◆ WHAT YOU HAVE TO DO ◆
Exact retyping of the data: please keep every word and drop each picture.

◆ SUPPLIED INFORMATION ◆
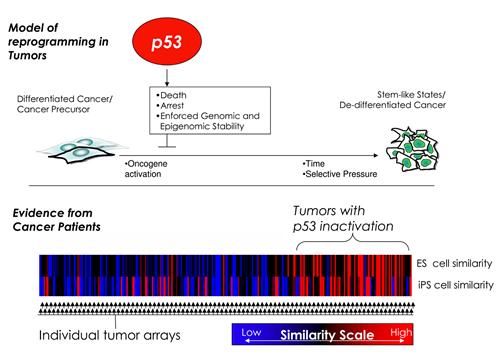 p53是人類重要的腫瘤抑制基因,正常p53的生物功能好似“基因組衛士(Guardian of the Genome)”,在G1期檢查DNA損傷點,監視基因組的完整性。當基因組遭受損傷時,p53蛋白可阻止DNA復制,以提供足夠的時間使損傷DNA修復;如果修復失敗,p53蛋白則會引發細胞凋亡。當p53基因的兩個拷貝都發生突變時,細胞的增殖會失去控制,從而導致細胞癌變。 近日來自薩克生物研究學院和普林斯頓大學高級研究所的研究人員在共同合作的一項研究中發現p53還可抑制癌細胞向更富于侵襲性的干細胞樣狀態轉化。研究人員根據p53的這個新功能將其稱之為“防止基因組重編程的衛士(Guardian against Genome Reprogramming)”。研究論文發表在本周的 PNAS 雜志上。 “眾所周知,低分化、細胞及遺傳異質性是許多侵襲性和致死性癌癥的重要特征,”薩克生物研究所基因表達實驗室的Wahl教授說道:“最近有科學家提出這些特征是由于存在干細胞樣癌細胞所致。我們的發現表明p53突變可使腫瘤細胞重新獲得干細胞樣‘編程’。” “癌細胞需要獲得干細胞的某些特征例如永生性才能生存和適應不斷變化的環境。永生能力使得細胞能夠不斷自我更新,并能生成可分化為其他細胞類型的祖細胞,”Wahl說:“所有的腫瘤都是由癌細胞組成的不同的細胞聚集物,然而目前我們尚無法了解腫瘤異質性形成的機制。” 過去科學家們將腫瘤的細胞多樣性主要歸因于其具有遺傳不穩定性。隨著腫瘤細胞群擴增,個別細胞發生隨機突變,細胞的分子特性開始出現差異,最終由成百萬的各不相同的癌細胞共同構成了腫瘤。 此外一些科學家們還認為腫瘤的異質性是由于完全定型和特化的細胞在腫瘤發生和發展的過程中發生了去分化所造成的。然而最終這一理論被丟棄,取而代之的當前流行的癌干細胞理論。癌干細胞理論認為腫瘤中存在一類重要的細胞即癌干細胞。這些癌干細胞有可能起源于正常干細胞或早期祖細胞,與其他腫瘤細胞不同它們具有自我更新的能力并可像正常干細胞一樣生成非干細胞。 “我們的研究結果表明與干細胞相似的癌細胞并不是早期腫瘤的組成部分,而是在腫瘤發生的后期隨著p53功能的喪失才出現的,“論文的共同作者、博士后研究人員Benjamin T. Spike說:“腫瘤異質性有可能是由于不斷增長的基因組不穩定性和與干細胞樣表型相關的表觀遺傳不穩定性共同作用所致。” 在新研究中研究人員證實p53不止發揮了“基因組衛士”的功能,這個腫瘤抑制因子同時還是阻斷體細胞重編程的一個重要障礙。
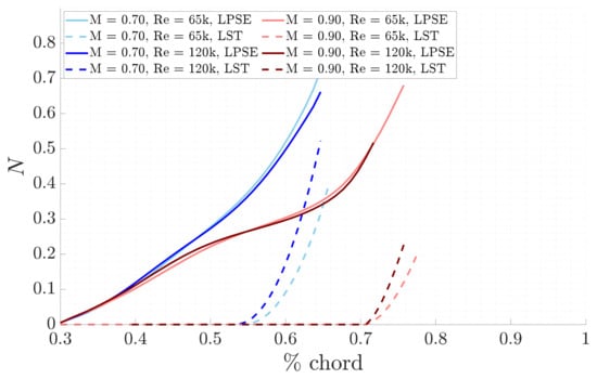 All these results highlight that the selected unstable mode begins to amplify much earlier on the blade suction side according to the global theory, compared to the local theory results. This is illustrated in Figure 11, where the LST results are represented by dashed lines and the LPSE results are depicted by solid lines. This discrepancy occurs because, in the LPSE, the N-factor rises immediately and reaches higher values since the instabilities are already present and amplifying when non-parallel effects are considered.
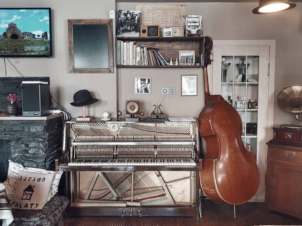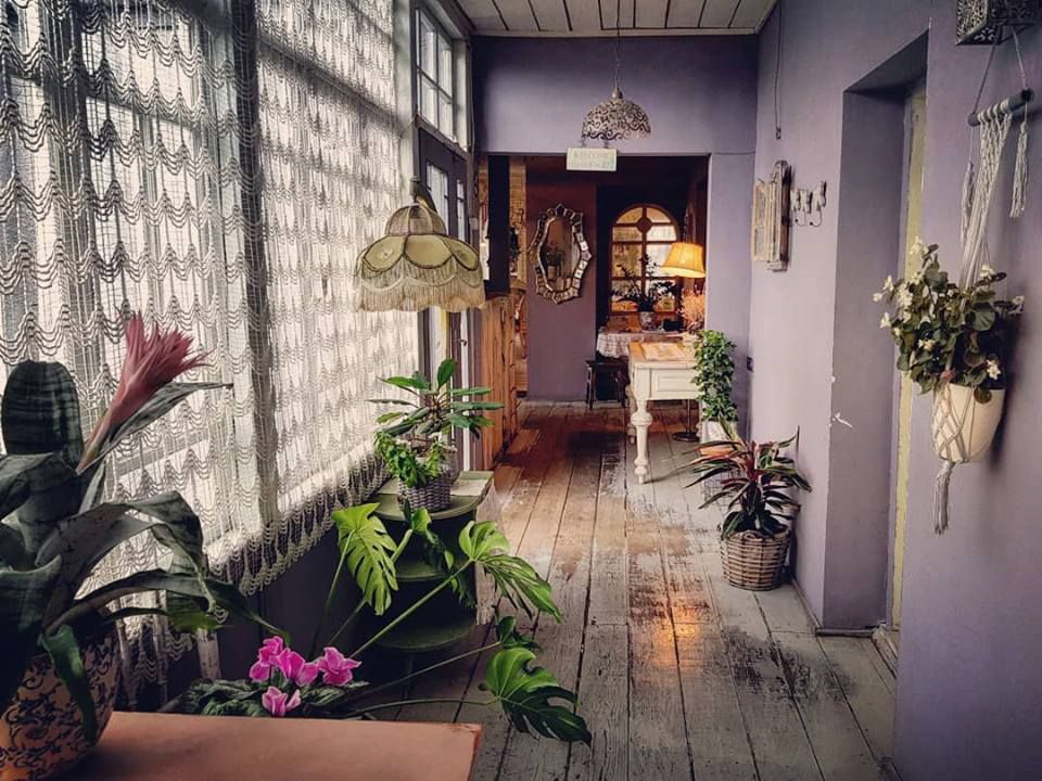 დიდი ხის ფანჯრები ვიწრო ქუჩებზე გადის, ხოლო თვითონ კაფე დატვირთულია სხვადასხვა დეტალით – იქნება ეს ძველებური თუჯის დოქი, გაჩერებული საათი, ჩემოდნები, ფირსაკრავი თუ მრავალი სხვა ნივთი.

◆ EXERCISE SOLUTION ◆
 p53是人類重要的腫瘤抑制基因,正常p53的生物功能好似“基因組衛士(Guardian of the Genome)”,在G1期檢查DNA損傷點,監視基因組的完整性。當基因組遭受損傷時,p53蛋白可阻止DNA復制,以提供足夠的時間使損傷DNA修復;如果修復失敗,p53蛋白則會引發細胞凋亡。當p53基因的兩個拷貝都發生突變時,細胞的增殖會失去控制,從而導致細胞癌變。 近日來自薩克生物研究學院和普林斯頓大學高級研究所的研究人員在共同合作的一項研究中發現p53還可抑制癌細胞向更富于侵襲性的干細胞樣狀態轉化。研究人員根據p53的這個新功能將其稱之為“防止基因組重編程的衛士(Guardian against Genome Reprogramming)”。研究論文發表在本周的 PNAS 雜志上。 “眾所周知,低分化、細胞及遺傳異質性是許多侵襲性和致死性癌癥的重要特征,”薩克生物研究所基因表達實驗室的Wahl教授說道:“最近有科學家提出這些特征是由于存在干細胞樣癌細胞所致。我們的發現表明p53突變可使腫瘤細胞重新獲得干細胞樣‘編程’。” “癌細胞需要獲得干細胞的某些特征例如永生性才能生存和適應不斷變化的環境。永生能力使得細胞能夠不斷自我更新,并能生成可分化為其他細胞類型的祖細胞,”Wahl說:“所有的腫瘤都是由癌細胞組成的不同的細胞聚集物,然而目前我們尚無法了解腫瘤異質性形成的機制。” 過去科學家們將腫瘤的細胞多樣性主要歸因于其具有遺傳不穩定性。隨著腫瘤細胞群擴增,個別細胞發生隨機突變,細胞的分子特性開始出現差異,最終由成百萬的各不相同的癌細胞共同構成了腫瘤。 此外一些科學家們還認為腫瘤的異質性是由于完全定型和特化的細胞在腫瘤發生和發展的過程中發生了去分化所造成的。然而最終這一理論被丟棄,取而代之的當前流行的癌干細胞理論。癌干細胞理論認為腫瘤中存在一類重要的細胞即癌干細胞。這些癌干細胞有可能起源于正常干細胞或早期祖細胞,與其他腫瘤細胞不同它們具有自我更新的能力并可像正常干細胞一樣生成非干細胞。 “我們的研究結果表明與干細胞相似的癌細胞并不是早期腫瘤的組成部分,而是在腫瘤發生的后期隨著p53功能的喪失才出現的,“論文的共同作者、博士后研究人員Benjamin T. Spike說:“腫瘤異質性有可能是由于不斷增長的基因組不穩定性和與干細胞樣表型相關的表觀遺傳不穩定性共同作用所致。” 在新研究中研究人員證實p53不止發揮了“基因組衛士”的功能,這個腫瘤抑制因子同時還是阻斷體細胞重編程的一個重要障礙。
 All these results highlight that the selected unstable mode begins to amplify much earlier on the blade suction side according to the global theory, compared to the local theory results. This is illustrated in Figure 11, where the LST results are represented by dashed lines and the LPSE results are depicted by solid lines. This discrepancy occurs because, in the LPSE, the N-factor rises immediately and reaches higher values since the instabilities are already present and amplifying when non-parallel effects are considered.
 დიდი ხის ფანჯრები ვიწრო ქუჩებზე გადის, ხოლო თვითონ კაფე დატვირთულია სხვადასხვა დეტალით – იქნება ეს ძველებური თუჯის დოქი, გაჩერებული საათი, ჩემოდნები, ფირსაკრავი თუ მრავალი სხვა ნივთი.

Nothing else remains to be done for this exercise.